Feng Jin 冯劲

Personal information
- Date of birth: 14 August 1993 (age 33)
- Place of birth: Chongqing, Sichuan, China
- Height: 1.75 m (5 ft 9 in)
- Position: Winger

Team information
- Current team: Dalian Yingbo (on loan from Shanghai Port)
- Number: 44

Senior career*
- Years: Team / Apps / (Gls)
- 2013–2021: Chongqing Lifan / 117 / (6)
- 2022–: Shanghai Port / 61 / (5)
- 2023: → Qingdao Hainiu (loan) / 8 / (0)
- 2026–: → Dalian Yingbo (loan) / 6 / (1)

International career^{‡}
- 2019–: China / 3 / (0)

Medal record
Representing China
Men's football
EAFF Championship
| Bronze medal – third place | 2019 South Korea | Team |

= Feng Jin =

Chinese footballer

Feng Jin (冯劲 (Féng Jìn); born 14 August 1993) is a Chinese professional footballer who plays as a winger for Chinese Super League club Dalian Yingbo, on loan from Shanghai Port.

==Club career==

===Chongqing Lifan===
Feng Jin was promoted to Chongqing Lifan's first team squad in 2013 by the head coach Wang Baoshan.

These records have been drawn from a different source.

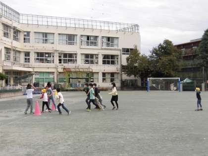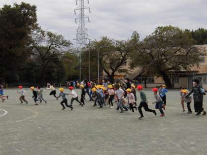 6年生が企画をして半数ずつのグループに分かれて1年生と遊びました。初めは「だるまさんがころんだ」をやりました。1年生が、6年生に抱きついたり、手をつないだりしながら「早くやろうよ。」とせかすと、お兄さんお姉さんたちは笑顔でこたえていました。ゲームが始まると、1年生はとにかく早く進みたいようで、勢いあまって止まれない子がたくさんいました。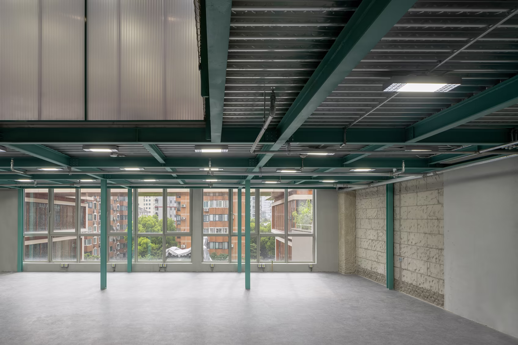 A signature staircase threading from the third floor to the rooftop serves as the spatial heart of the project: The third and fourth floors are seamlessly integrated, with the staircase serving as the central visual anchor, the structural framework is fully revealed within the space, celebrating its raw form without intentional concealment, Every joint and component is meticulously refined to ensure a rigorous alignment between structural logic and the brand’s identity.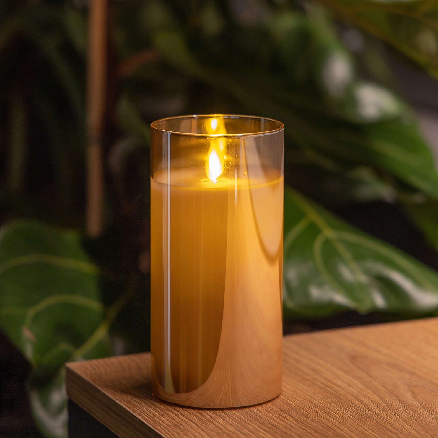 Candela in cera con bicchiere in vetro e luce a led effetto realistico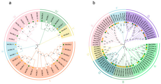 The phylogenetic analysis of CBL (a) and CIPK (b) proteins families across Medicago and Arabidopsis. Full length protein sequences of CBLs and CIPKs were constructed using MEGA-X based on the Neighbor-Joining (NJ) method; bootstrap was 1000 replicates. Subfamilies are highlighted with different colors. The green solid pentagrams, orange solid pentagrams, and hollow circles represent CBL and CIPK proteins from M. sativa (Ms), M. truncatula (Mt), and A. thaliana (At), respectively.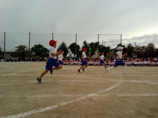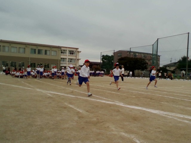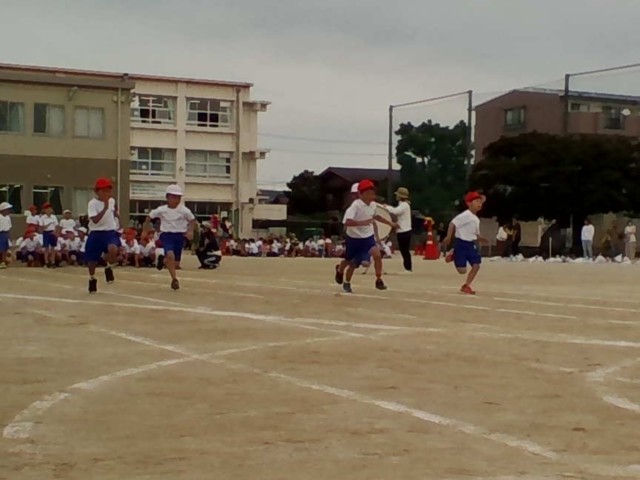 2年生の徒競走の様子です。一生懸命走る姿に、走り終わった児童から大きな声援が送られていました。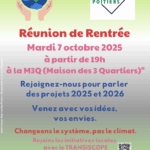 L’association Alternatiba Poitiers vous convie à sa réunion de rentrée qui aura lieu le mardi 7 octobre 2025 à partir de 19h à la M3Q (Maison des 3 Quartiers située au 25 rue du Général Sarrail à Poitiers). Vous trouverez l’affiche en pièce jointe. L’ordre du jour sera le suivant […]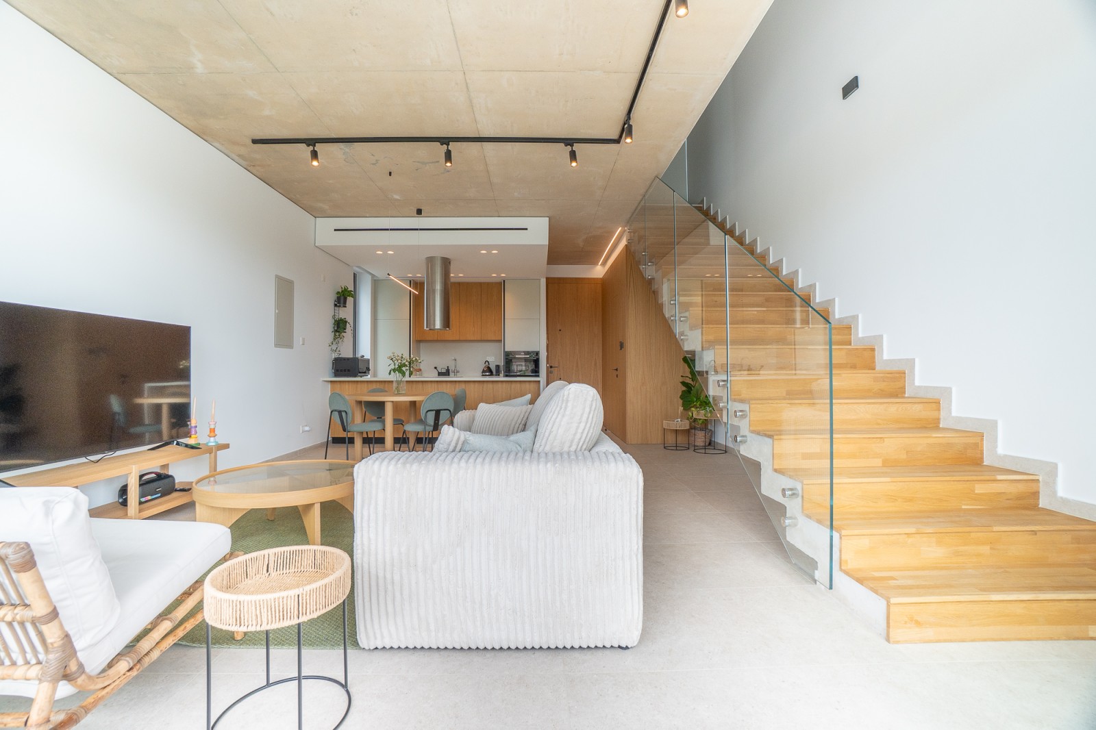 На основном этаже находится светлая открытая гостиная и полностью оборудованная кухня — идеальное пространство как для приёма гостей, так и для повседневной семейной жизни. На верхнем этаже обе спальни открываются на потрясающий вид на море, создавая спокойное убежище, где горизонт становится частью вашего ежедневного опыта.

He would make his debut in a Chinese FA Cup game against Xinjiang Youth on 24 April 2013 in a 4–1 victory. He would go on to make his league debut against Henan Jianye in a 2–1 defeat on 6 October 2013. The following season Feng was used sparingly throughout the season, however he was part of the squad that went on to win the division championship and promotion back into the top tier.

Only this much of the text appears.